Day 95: Do the Right Thing (1989)

Aug 19, 2011   //   by Nathan   //   Blog, The Criterion Summer  //  No Comments

Spike Lee’s “Do the Right Thing” really knows how to bring the heat, both figuratively and literally. As hilarious as it is intense, Lee’s vision of urban life blasted onto the screen in 1989 and created a watershed of discussion between all parties concerning racial tensions in America. While films like “In the Heat of the Night” and even “To Kill a Mockingbird” had looked at race before on the big screen, “Do the Right Thing” took it a step further, drawing less on simple bigotry and more on the anger that comes from several races and their cultures colliding day in and day out in the close quarters of their Brooklyn neighborhood.

In “Do the Right Thing,” director Spike Lee also plays our main protagonist, Mookie, a young man living in a black Brooklyn neighborhood with his sister Jade, who wants nothing more than for him to move out. To make ends meet and take care of his girlfriend and child, Mookie delivers pizzas for Salvatore “Sal” Frangione (Danny Aiello) and his local pizza joint, but spends most of his days shirking his work and chatting with Sal’s two sons, Pino (John Turturro) and Vito (Richard Edson).
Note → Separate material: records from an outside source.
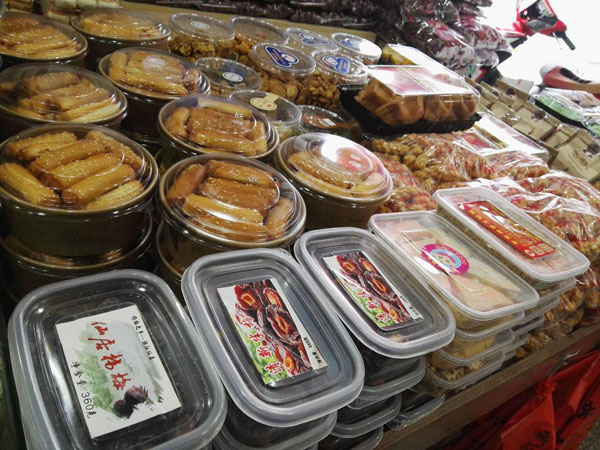 湖塘花東街上的“石頭炒貨店”是20多年的老字號(hào)了。上個(gè)世紀(jì)90年代,二十郎當(dāng)歲的“石頭”一一石愛軍從徐州來到武進(jìn),就在這條街上擺了個(gè)炒貨攤!皫灼椒矫椎男〉?cái),邊上架個(gè)大鐵鍋,炒出的瓜子、花生、蠶豆,鋪在竹篾上篩過、冷卻后就可以賣了。”石愛軍回憶,街坊鄰里冒著冬日的嚴(yán)寒,擠在地?cái)偳皣L著剛出鍋的瓜子的場(chǎng)景,還歷歷在目。20多年過去了,鄰居們都成了最熟悉的親人,從年輕姑娘到抱著孫子的老人,大家還是最愛吃石頭炒的瓜子。而炒貨店的店面也擴(kuò)大了,并且在湖塘另開了多家分店。 生意最好的還是花東街上的老店。不大的店面,被一袋袋瓜子、花生、蠶豆、核桃堆得滿滿的,空氣里也滿滿都是堅(jiān)果的香氣。超大瓜子唇齒留香,去皮瓜子鮮香入昧,南瓜子皮薄肉厚,還有開心果、手剝松子、小油果、核桃、碧根果、小黃豆,以及炒米糕、蛋卷、麻松條、紫薯干、地瓜干、山芋片、鍋巴、芝麻糖、山楂、麻花、葡萄干….這么多美昧都是老板親手制作。愛吃點(diǎn)什么,就用一 長柄勺鏟點(diǎn)兒什么,最質(zhì)樸簡單的包裝袋里,裝著的是屬于這條老街居民記憶里的味道,穿過幾十年的時(shí)光,仍然鮮活生動(dòng)地銘刻在每一個(gè)人的里。 “少東家”石榮沖就是在這個(gè)老店、這條老街長大的。他說目前自己炒瓜子的技藝還沒到火候,還在跟著父親學(xué)習(xí)的階段。”挑選原料、炒制工序,每一步都有學(xué)問在里頭。”拿店內(nèi)的銷售冠軍“內(nèi)蒙大瓜子”來說,這種來自內(nèi)蒙、經(jīng)過充足日照的葵花子每顆長度近2厘米,個(gè)頭特別大,也十分飽滿。拈一顆大瓜子,就連嗑起來的聲音也分外清脆。外皮很容易與內(nèi)仁剝離,碩大的瓜子仁口感十分香脆,與別家作料用得很足、吃起來特別鮮咸的瓜子不同,這種大瓜子更注重烘托原昧,淡淡的咸昧在舌尖掠過,剩余的都是屬于瓜子的天然香甜。
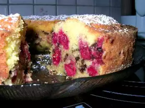 Now stir the chocolate sprinkles, the zucchini shavings and the sour cherries into the rest of the dough and also fill into the mould. Bake the cake at 180°C for about 30 minutes, then sprinkle with sugar.
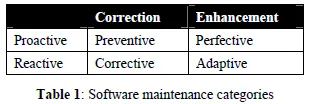 IEEE 14764는 Table 1에서처럼, 적응적/완전적 유지보수를 향상 카테고리로, 교정적/예방적 유지보수를 교정 카테고리로 묶음. 가장 나중에 나타난 예방적 유지보수는 안전성이 중요(critical)할 경우에 종종 수행됨.
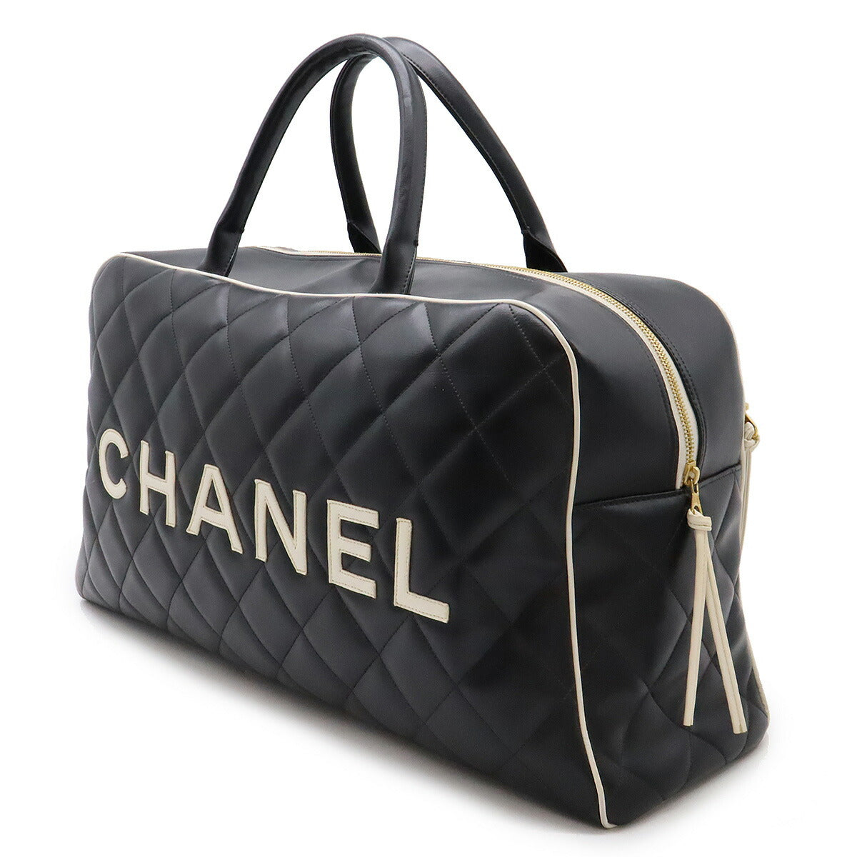 Unleash your inner jet-setter with the Chanel Leather Matelasse Bowling Bag. This Boston Travel Bag is the epitome of chic practicality. The iconic Matelasse stitching and timeless black and white palette exude effortless luxury. Crafted from supple leather, this bag is designed to accompany you on all your adventures, whether it’s a weekend getaway or a stylish trip to the gym. It’s roomy enough to carry your essentials and more, making it the perfect blend of fashion and function for the modern lifestyle. Travel in style and make a statement wherever you go with this iconic Chanel piece.
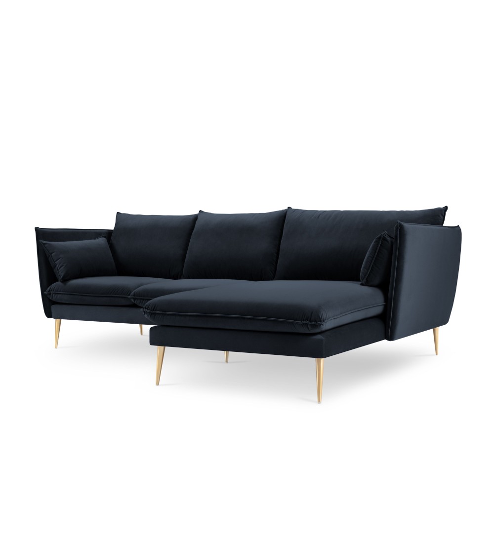 La collection Agate combine élégance et petites touches de modernité. Très confortable pour toute la famille, trouvez la pièce qui correspond le mieux à vos besoins ! Vous découvrirez dans cette collection un canapé d'angle, un canapé 4 places, un canapé 3 places et un canapé 2 places ainsi qu'un fauteuil, une chaise longue et un pouf. Tous ont un design épuré avec de grands coussins confortables et de beaux pieds métalliques fins en diagonale, dorés ou noirs. Leur revêtement en velours ajoute de la chaleur qui sera superbe dans nimporte quel intérieur.
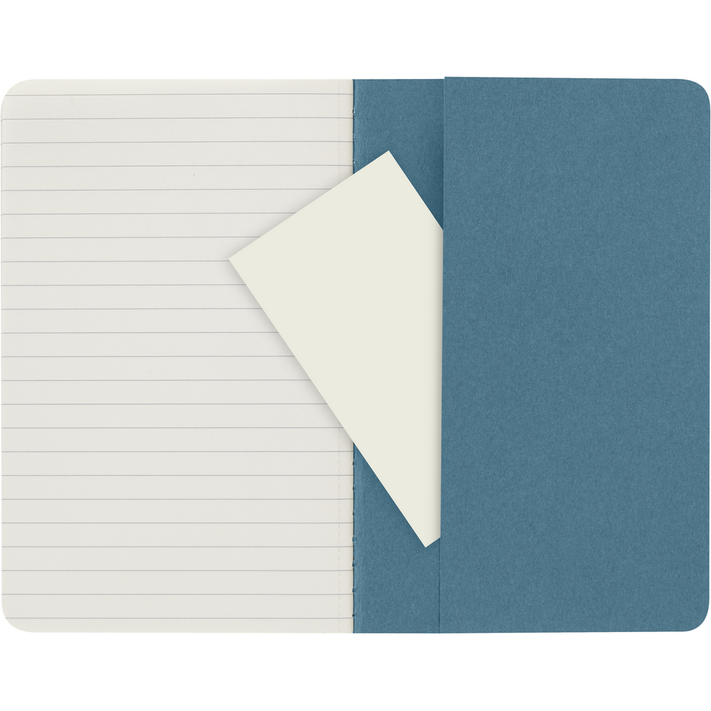 Журнал MOLESKINE Cahier (примерно формата А6, карманный), 64 линейные страницы, мягкая обложка с видимой строчкой на спине, внутренний карман, последние 16 листов можно отрывать.

On one particular day, as the city’s temperature reaches record highs, the entire neighborhood is sweating it outside and tensions between everyone begin to rise. A drunk called Da Mayor (Ossie Davis) is constantly bothering Mother Sister (Ruby Dee), though he wants nothing but her affection. A large man called Radio Raheem blasts his boombox wherever he goes, getting on the Latino gangs nerves as they try to play their own music. Smiley, a mentally disabled man, bothers everyone while trying to sell hand-colored pictures of Malcolm X and Martin Luther King, Jr. Without a doubt, the town is simmering under the heat and when the black Radio’s stereo is smashed by the white Italian Sal, anger grows to a fever pitch and Mookie finds himself in the middle of it- stuck between his race and his boss.

From “Do the Right Thing’s” very beginning, tension is brought to the table. As the opening credits roll, Public Enemy’s “Fight the Power” plays and its understood quite clearly that this will not be a tale of minorities standing up for themselves in the face of oppression, but bringing the fight to the oppressors. All throughout the film, music acts as a key player in both explaining and mediating the racial climate that is rising. To do this, Lee gives the neighborhood its own radio station and DJ, Love Daddy (Samuel L. Jackson), who sets the different tones of the film with his music, almost as if marking chapters in the film’s story. In a way, this role could be compared to Wolfman Jack in “America Graffiti,” as both men seem to oversee the action in the film as more of a narrator than anything else and comment accordingly with the songs they play.

With Jackson’s Love Daddy, he certainly stands as the film’s voice of reason. While everyone else loses their temper in the heat, Love Daddy stays inside his air conditioned studio and reminds everyone to “chill,” which can be taken in many ways as the anger in the film grows. In fact, in one of the film’s most popular scenes, Mookie, Pino, and several others look directly in the camera and shout out racist words of hate about one another, only to be stopped by Love Daddy who raises his hands in his studio, stares directly into the camera and says, “Yo! Hold up! Time out! TIME OUT! Y’all take a chill! Ya need to cool that shit out! And that’s the double truth, Ruth!” Though Lee leaves his film’s view on race relations vague, ending it with quotes from both Martin Luther King Jr. and Malcolm X, it maybe Love Daddy who is stating the story’s true point of view. Maybe we won’t ever get along completely, but we won’t at all if we just don’t “take a chill.”